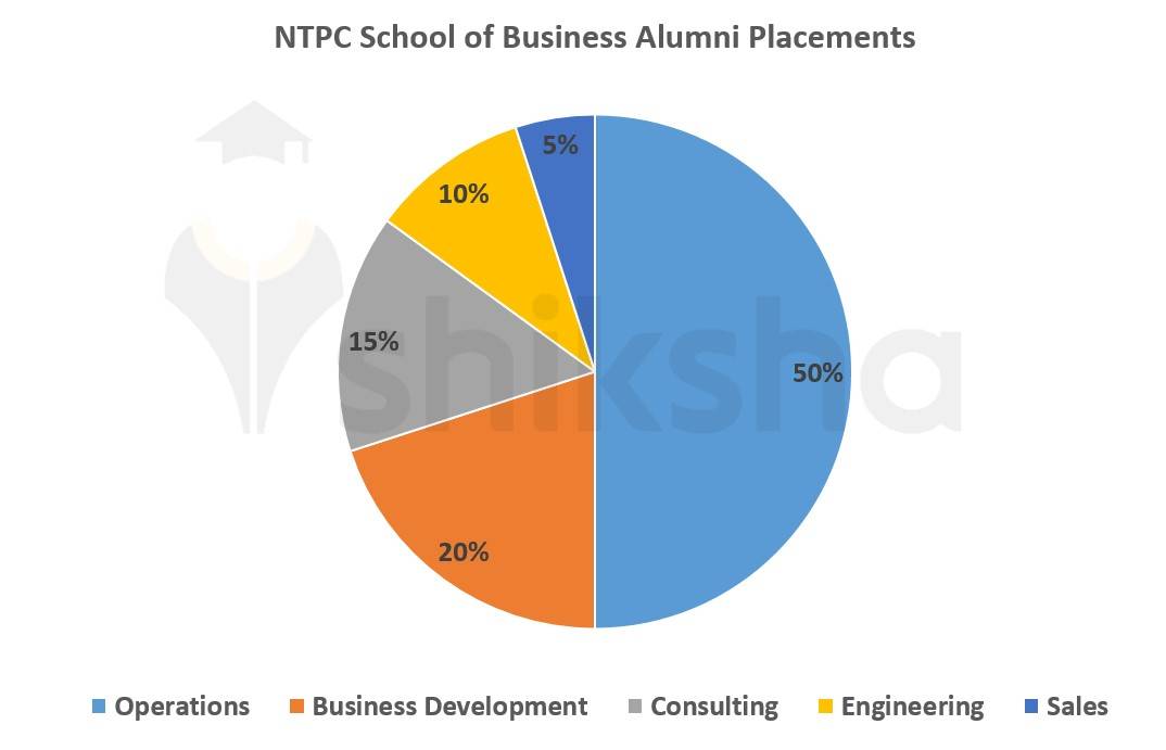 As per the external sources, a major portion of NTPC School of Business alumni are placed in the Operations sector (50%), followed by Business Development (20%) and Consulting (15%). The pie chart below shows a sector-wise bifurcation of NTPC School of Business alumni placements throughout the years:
----------------
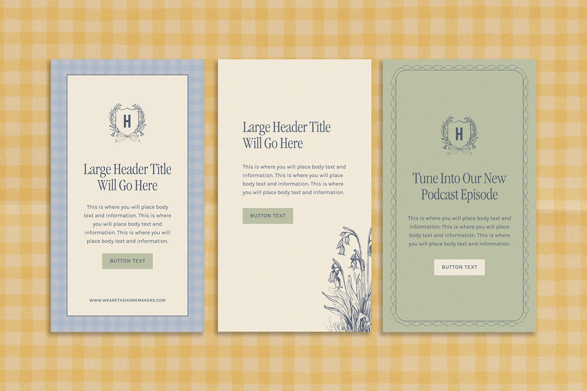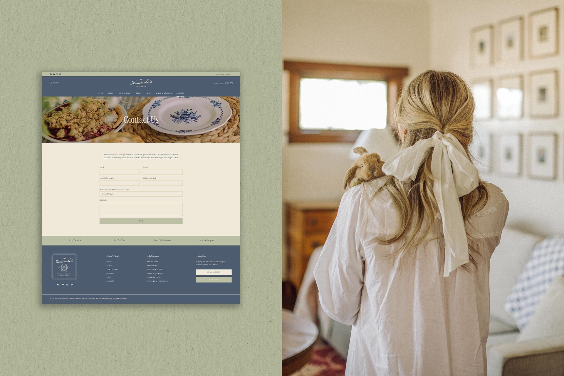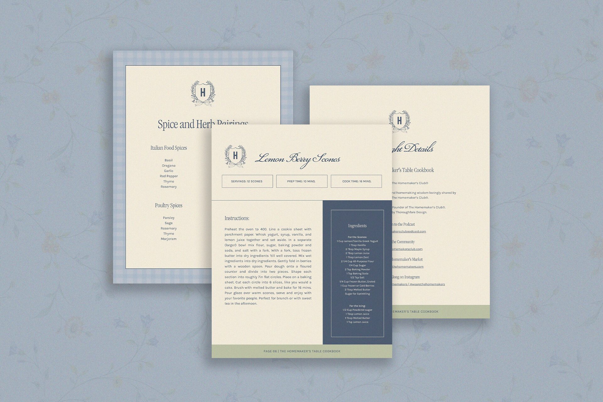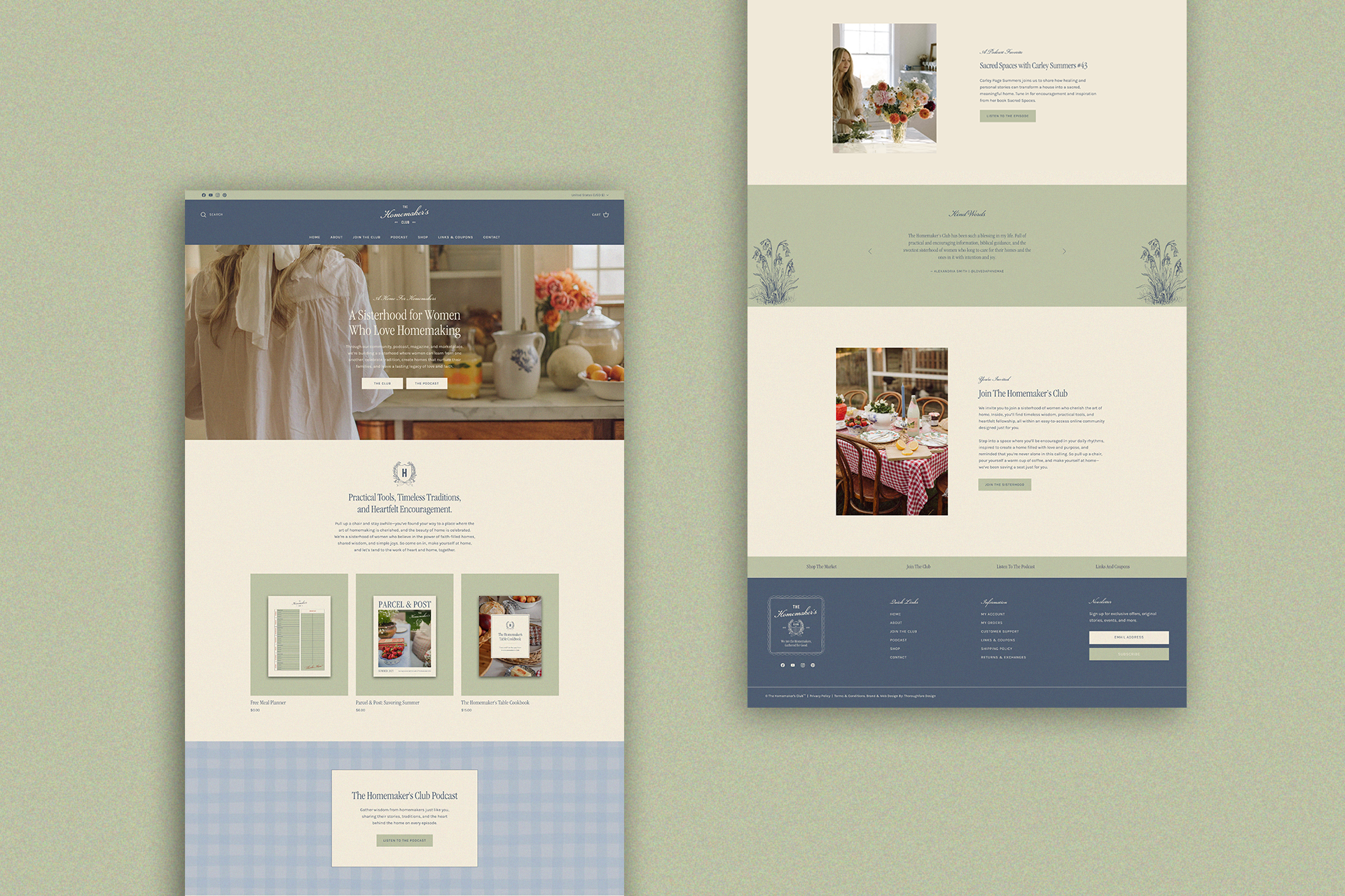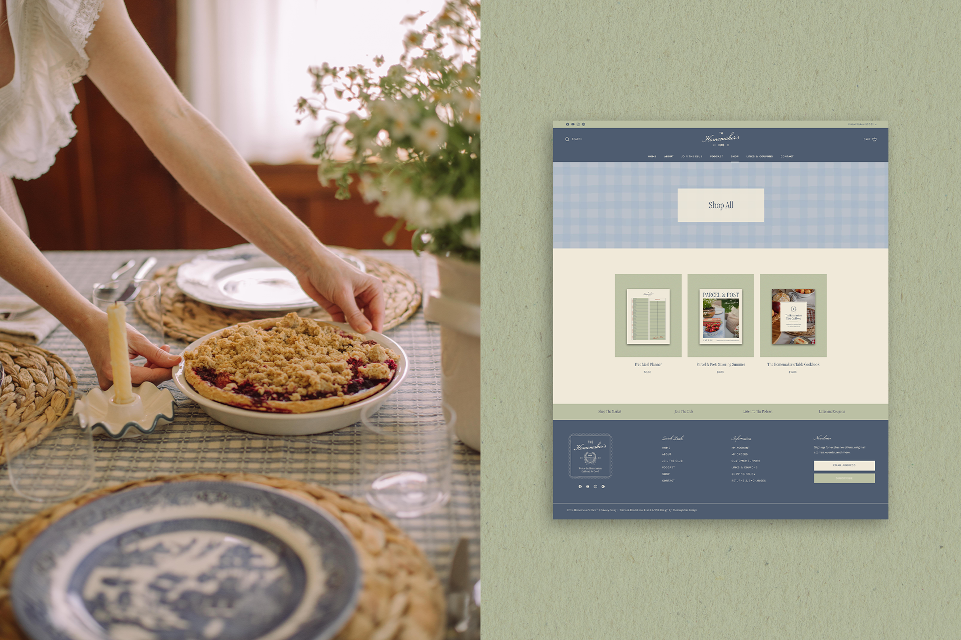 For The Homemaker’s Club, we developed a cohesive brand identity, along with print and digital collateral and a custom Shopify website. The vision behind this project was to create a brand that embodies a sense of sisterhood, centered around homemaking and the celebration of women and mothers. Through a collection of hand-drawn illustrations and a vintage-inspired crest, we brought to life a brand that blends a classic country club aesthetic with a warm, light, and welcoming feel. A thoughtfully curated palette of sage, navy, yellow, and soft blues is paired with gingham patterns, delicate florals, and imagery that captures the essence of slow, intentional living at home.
----------------
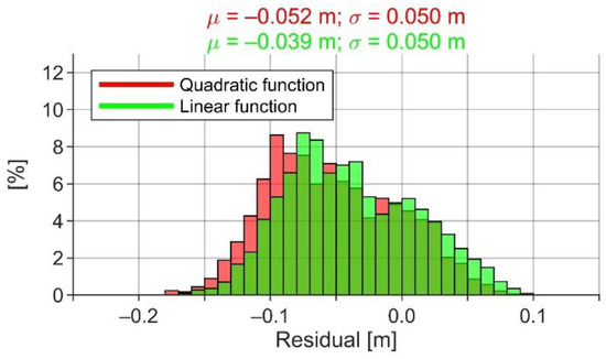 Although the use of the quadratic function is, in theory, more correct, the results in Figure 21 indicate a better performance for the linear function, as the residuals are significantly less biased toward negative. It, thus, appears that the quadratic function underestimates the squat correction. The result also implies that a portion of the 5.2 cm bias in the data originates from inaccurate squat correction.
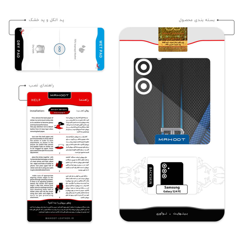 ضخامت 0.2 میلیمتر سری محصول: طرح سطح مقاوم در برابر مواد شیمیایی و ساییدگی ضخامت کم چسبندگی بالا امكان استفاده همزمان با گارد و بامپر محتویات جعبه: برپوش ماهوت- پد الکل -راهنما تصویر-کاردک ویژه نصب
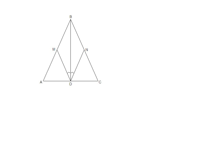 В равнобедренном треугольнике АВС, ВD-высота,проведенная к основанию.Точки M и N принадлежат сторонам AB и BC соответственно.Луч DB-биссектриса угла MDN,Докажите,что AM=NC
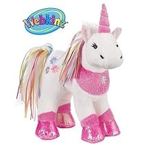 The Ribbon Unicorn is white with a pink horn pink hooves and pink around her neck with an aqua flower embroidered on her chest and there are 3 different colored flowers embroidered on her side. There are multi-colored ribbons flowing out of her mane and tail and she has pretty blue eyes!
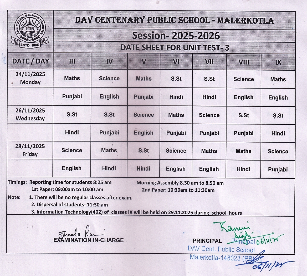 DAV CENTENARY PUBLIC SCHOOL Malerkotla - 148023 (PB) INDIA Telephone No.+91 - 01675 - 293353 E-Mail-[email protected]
----------------
◆ **What the exercise asks**:
Take the entries above and copy exactly the lines starting at the one with "Although the use" and ending at the one with "ضخامت 0.2 میلیمتر"; nothing outside that span, and no pictures.

◆ **Expected output**:
 Although the use of the quadratic function is, in theory, more correct, the results in Figure 21 indicate a better performance for the linear function, as the residuals are significantly less biased toward negative. It, thus, appears that the quadratic function underestimates the squat correction. The result also implies that a portion of the 5.2 cm bias in the data originates from inaccurate squat correction.
 ضخامت 0.2 میلیمتر سری محصول: طرح سطح مقاوم در برابر مواد شیمیایی و ساییدگی ضخامت کم چسبندگی بالا امكان استفاده همزمان با گارد و بامپر محتویات جعبه: برپوش ماهوت- پد الکل -راهنما تصویر-کاردک ویژه نصب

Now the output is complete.